◆ **DIRECTIONS FOR THIS TASK**
Copy word for word, please, the lines of the entries below running from the one containing "The  most prominent" to the one containing "Vintage 1990s Levi’s", both ends included.

◆ **PROVIDED DATA**
───

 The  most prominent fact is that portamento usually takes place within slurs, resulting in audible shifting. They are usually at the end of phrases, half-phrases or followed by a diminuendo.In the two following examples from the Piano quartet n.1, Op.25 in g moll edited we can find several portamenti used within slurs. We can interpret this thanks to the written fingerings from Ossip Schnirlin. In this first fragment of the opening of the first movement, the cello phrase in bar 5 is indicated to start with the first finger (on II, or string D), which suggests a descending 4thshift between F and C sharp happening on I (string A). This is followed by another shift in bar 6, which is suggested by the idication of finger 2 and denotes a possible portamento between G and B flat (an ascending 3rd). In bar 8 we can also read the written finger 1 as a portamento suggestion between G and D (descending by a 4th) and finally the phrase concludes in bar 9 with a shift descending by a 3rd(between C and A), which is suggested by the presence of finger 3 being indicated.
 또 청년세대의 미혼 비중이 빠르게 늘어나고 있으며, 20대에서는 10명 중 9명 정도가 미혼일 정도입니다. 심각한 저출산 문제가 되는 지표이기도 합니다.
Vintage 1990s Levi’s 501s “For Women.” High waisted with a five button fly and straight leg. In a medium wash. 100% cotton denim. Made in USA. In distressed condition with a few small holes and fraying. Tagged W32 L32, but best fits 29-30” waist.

───

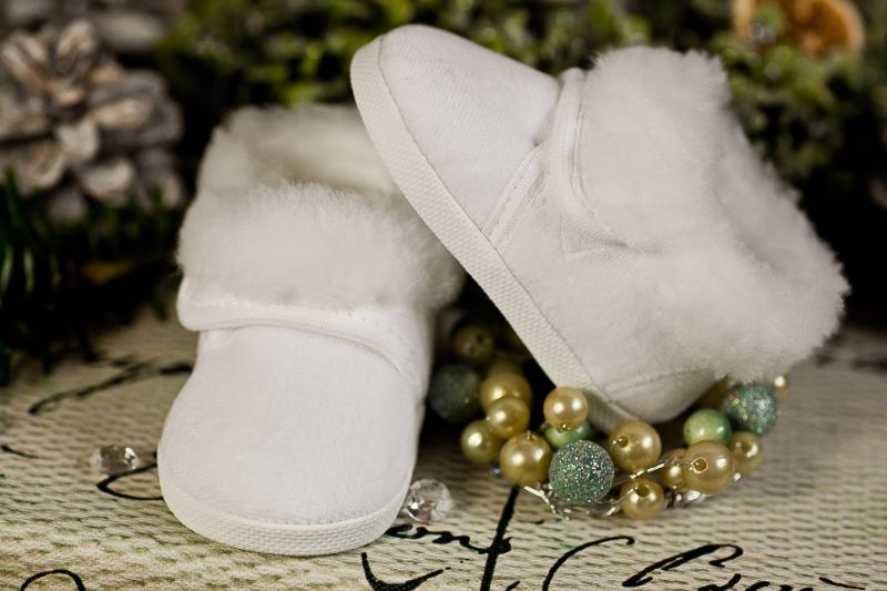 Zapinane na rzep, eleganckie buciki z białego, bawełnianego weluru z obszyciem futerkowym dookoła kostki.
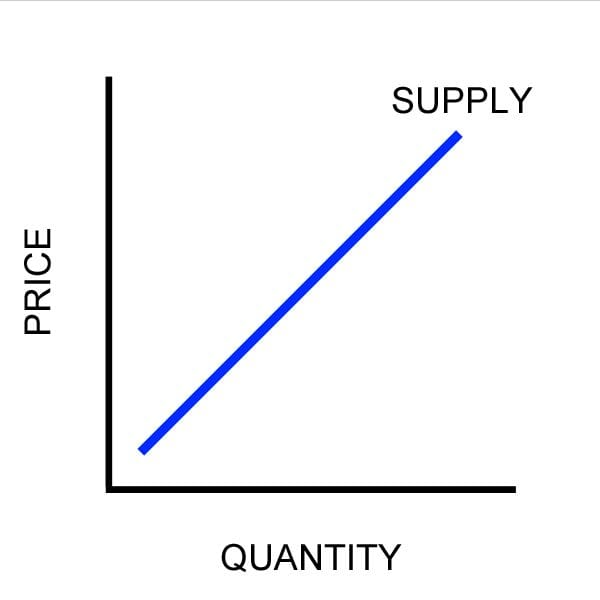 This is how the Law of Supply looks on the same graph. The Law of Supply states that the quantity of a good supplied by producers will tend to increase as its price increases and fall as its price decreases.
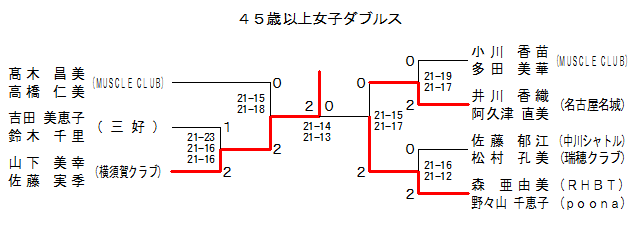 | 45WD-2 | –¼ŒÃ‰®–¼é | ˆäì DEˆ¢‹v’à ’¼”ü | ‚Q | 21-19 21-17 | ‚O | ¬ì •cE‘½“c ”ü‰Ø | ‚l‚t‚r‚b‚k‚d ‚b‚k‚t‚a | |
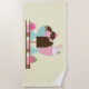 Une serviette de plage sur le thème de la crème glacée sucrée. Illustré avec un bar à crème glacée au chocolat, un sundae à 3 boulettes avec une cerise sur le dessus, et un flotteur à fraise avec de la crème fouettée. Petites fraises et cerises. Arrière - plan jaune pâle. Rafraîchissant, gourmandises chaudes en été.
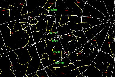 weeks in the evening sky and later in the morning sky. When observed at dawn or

───

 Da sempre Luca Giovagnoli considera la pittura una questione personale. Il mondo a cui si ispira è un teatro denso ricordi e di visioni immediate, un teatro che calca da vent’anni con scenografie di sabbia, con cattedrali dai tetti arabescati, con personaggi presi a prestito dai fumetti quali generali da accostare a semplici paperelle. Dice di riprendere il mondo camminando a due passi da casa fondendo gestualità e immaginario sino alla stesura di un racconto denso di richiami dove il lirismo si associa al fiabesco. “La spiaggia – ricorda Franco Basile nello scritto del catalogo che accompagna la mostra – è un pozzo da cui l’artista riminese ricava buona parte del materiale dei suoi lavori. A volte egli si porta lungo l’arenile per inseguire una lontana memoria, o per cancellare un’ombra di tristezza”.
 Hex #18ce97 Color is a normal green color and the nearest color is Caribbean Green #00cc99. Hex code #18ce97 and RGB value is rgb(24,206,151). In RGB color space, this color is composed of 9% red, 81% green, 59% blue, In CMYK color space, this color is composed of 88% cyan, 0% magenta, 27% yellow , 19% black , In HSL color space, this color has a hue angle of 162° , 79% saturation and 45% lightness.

───

◆ **YOUR SOLUTION**
 The  most prominent fact is that portamento usually takes place within slurs, resulting in audible shifting. They are usually at the end of phrases, half-phrases or followed by a diminuendo.In the two following examples from the Piano quartet n.1, Op.25 in g moll edited we can find several portamenti used within slurs. We can interpret this thanks to the written fingerings from Ossip Schnirlin. In this first fragment of the opening of the first movement, the cello phrase in bar 5 is indicated to start with the first finger (on II, or string D), which suggests a descending 4thshift between F and C sharp happening on I (string A). This is followed by another shift in bar 6, which is suggested by the idication of finger 2 and denotes a possible portamento between G and B flat (an ascending 3rd). In bar 8 we can also read the written finger 1 as a portamento suggestion between G and D (descending by a 4th) and finally the phrase concludes in bar 9 with a shift descending by a 3rd(between C and A), which is suggested by the presence of finger 3 being indicated.
 또 청년세대의 미혼 비중이 빠르게 늘어나고 있으며, 20대에서는 10명 중 9명 정도가 미혼일 정도입니다. 심각한 저출산 문제가 되는 지표이기도 합니다.
Vintage 1990s Levi’s 501s “For Women.” High waisted with a five button fly and straight leg. In a medium wash. 100% cotton denim. Made in USA. In distressed condition with a few small holes and fraying. Tagged W32 L32, but best fits 29-30” waist.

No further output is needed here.